═════ Material for the task

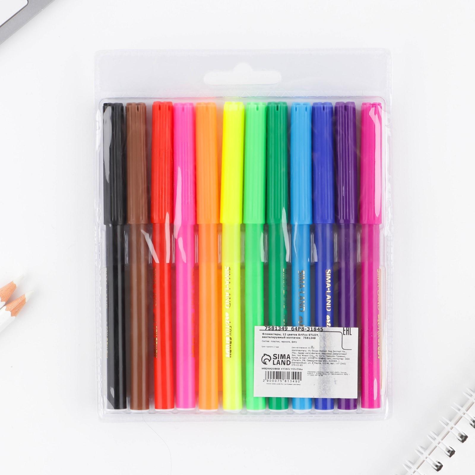 Фломастеры, 12 цветов ArtFox STUDY, вентилируемый колпачок
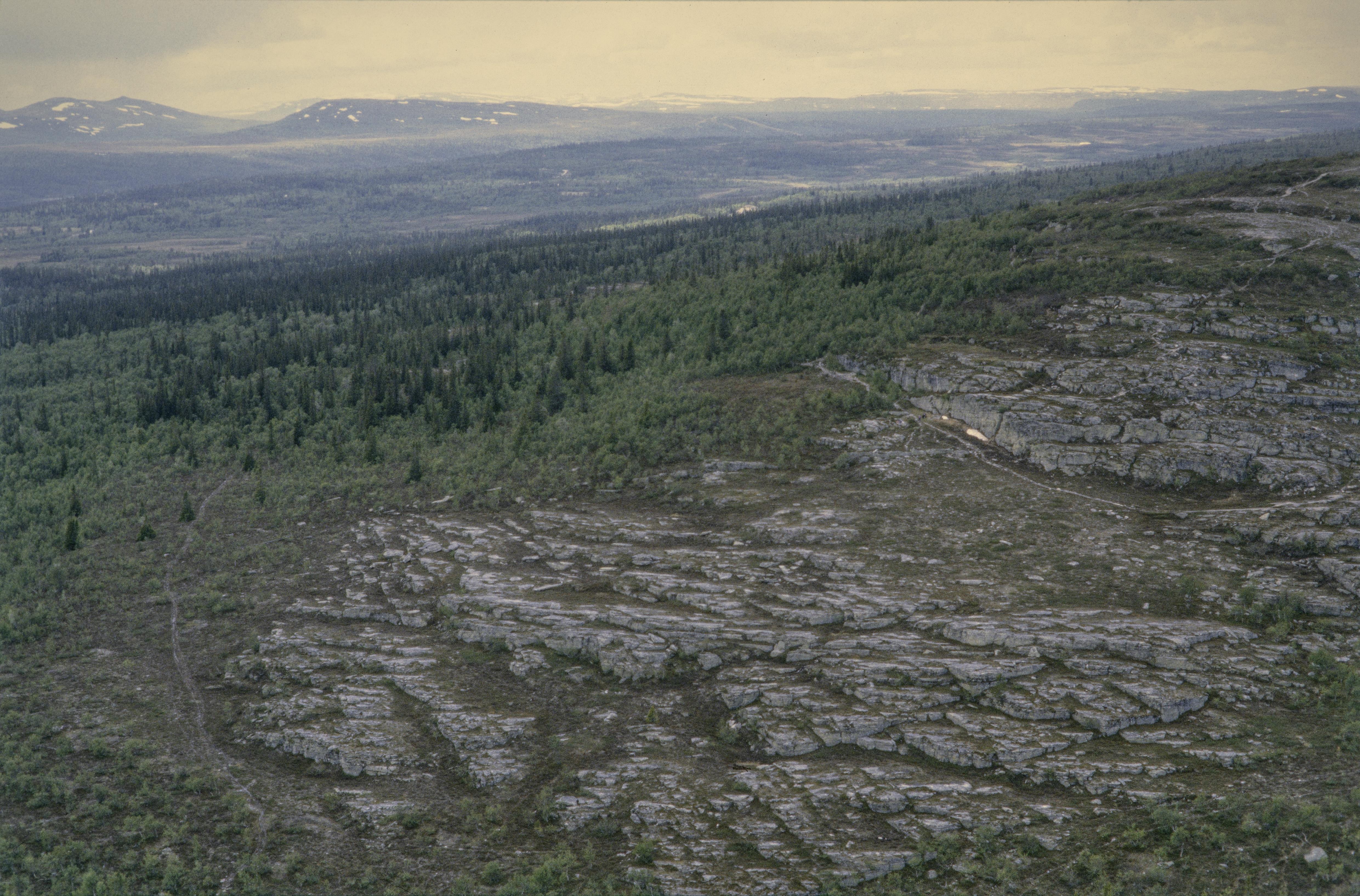 Beskrivning: Östra delen av lågfjället Flatruet (Fleete) vid bergstoppen Ruändan (Sjnjaptjegietije). I bergsidan till höger om bildens mitt en lodrätt klippvägg med hällmålningar RAÄnr Tännäs 58:1. Bilden är tagen mot (väderstreck): V
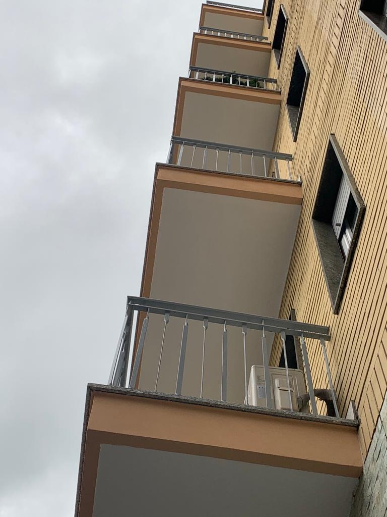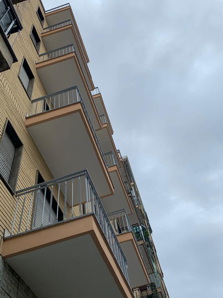 Intervento di ripristino e decorazione della facciata lato strada e lato cortile, con rifacimento dei pavimenti dei balconi e lavaggio della facciata principale lato strada.
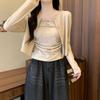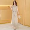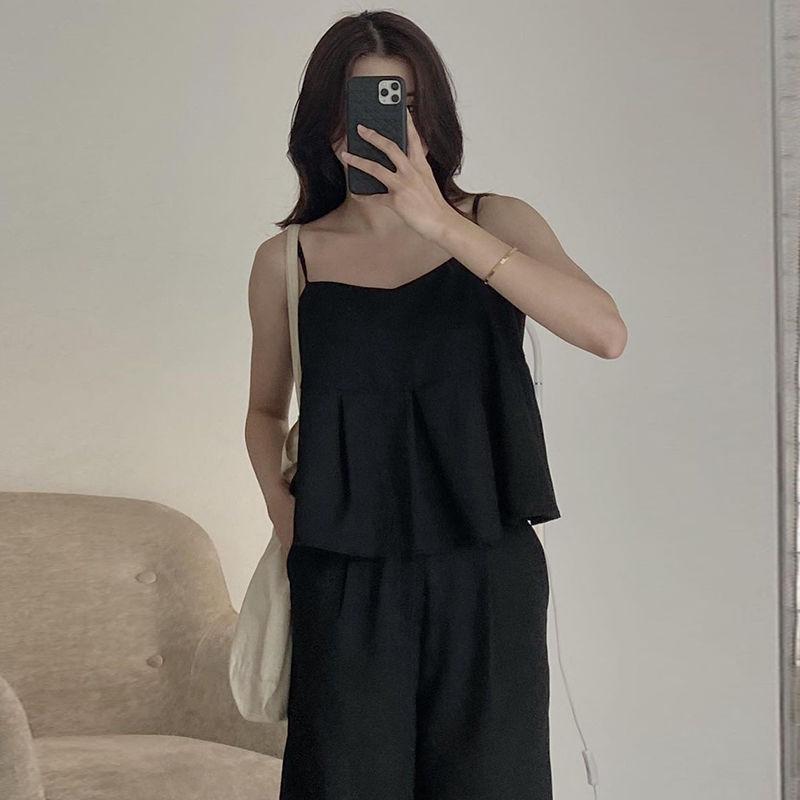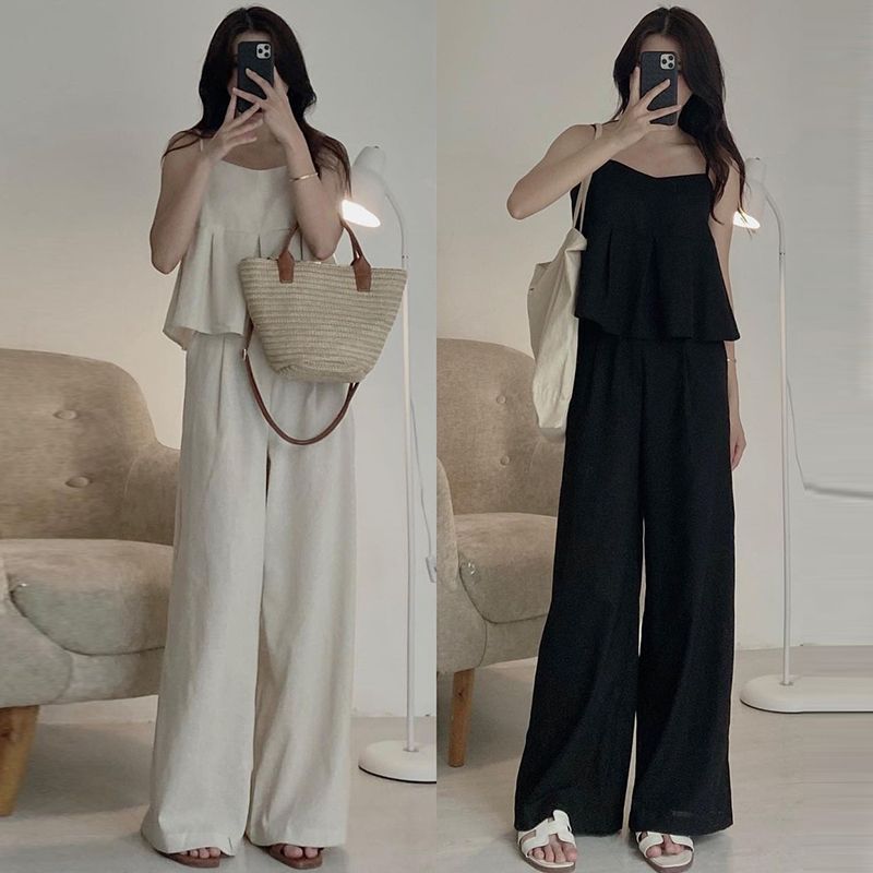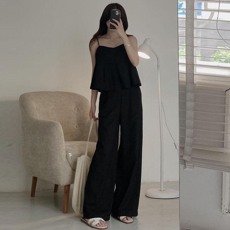 Verano 2025 Francés Casual Cuello Cuadrado Color Sólido Camisola + Cintura Alta Más Fácil de Combinar Pantalones Casuales de Pierna Ancha Conjunto de Dos Piezas a la Moda
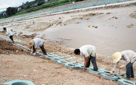 13日,军店镇集镇河道治理工程中工人们正在铺设护坡砖。去年5月以来,军店镇抢抓竹房城镇带建设机遇,计划治理河道3900米,工程总投资3000万元。其中一期工程1200米,投资1700万元;二期工程新修生态河堤2700米,投资1300万元。目前,一期工程已经全面竣工,二期工程正紧张有序推进,年内将全面完工。 (赵爱平 刘玲玲 摄)
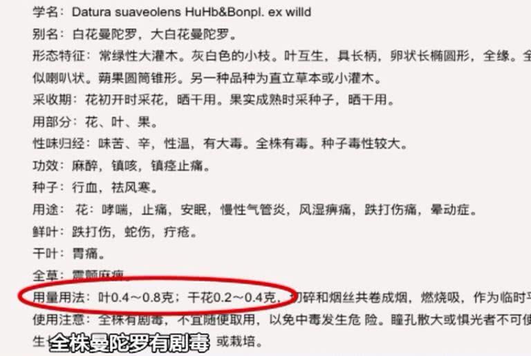 據(jù)了解,曼陀羅又名洋金花,有一定的藥用價值,但也有毒理作用,有多例報道介紹過曼陀羅致人中毒事件。據(jù)相關(guān)資料顯示,曼陀羅葉應(yīng)用藥0.4克至0.8克,干花用藥0.2克至0.4克,使用注意事項提及到,全株曼陀羅有劇毒,不宜隨便取用,以免中毒發(fā)生危險。

══════════

Every line from the one holding "(赵爱平 刘玲玲 摄)" through the last line of the entries above, and nothing else, is to be restated word for word. Pictures stay out.

 13日,军店镇集镇河道治理工程中工人们正在铺设护坡砖。去年5月以来,军店镇抢抓竹房城镇带建设机遇,计划治理河道3900米,工程总投资3000万元。其中一期工程1200米,投资1700万元;二期工程新修生态河堤2700米,投资1300万元。目前,一期工程已经全面竣工,二期工程正紧张有序推进,年内将全面完工。 (赵爱平 刘玲玲 摄)
 據(jù)了解,曼陀羅又名洋金花,有一定的藥用價值,但也有毒理作用,有多例報道介紹過曼陀羅致人中毒事件。據(jù)相關(guān)資料顯示,曼陀羅葉應(yīng)用藥0.4克至0.8克,干花用藥0.2克至0.4克,使用注意事項提及到,全株曼陀羅有劇毒,不宜隨便取用,以免中毒發(fā)生危險。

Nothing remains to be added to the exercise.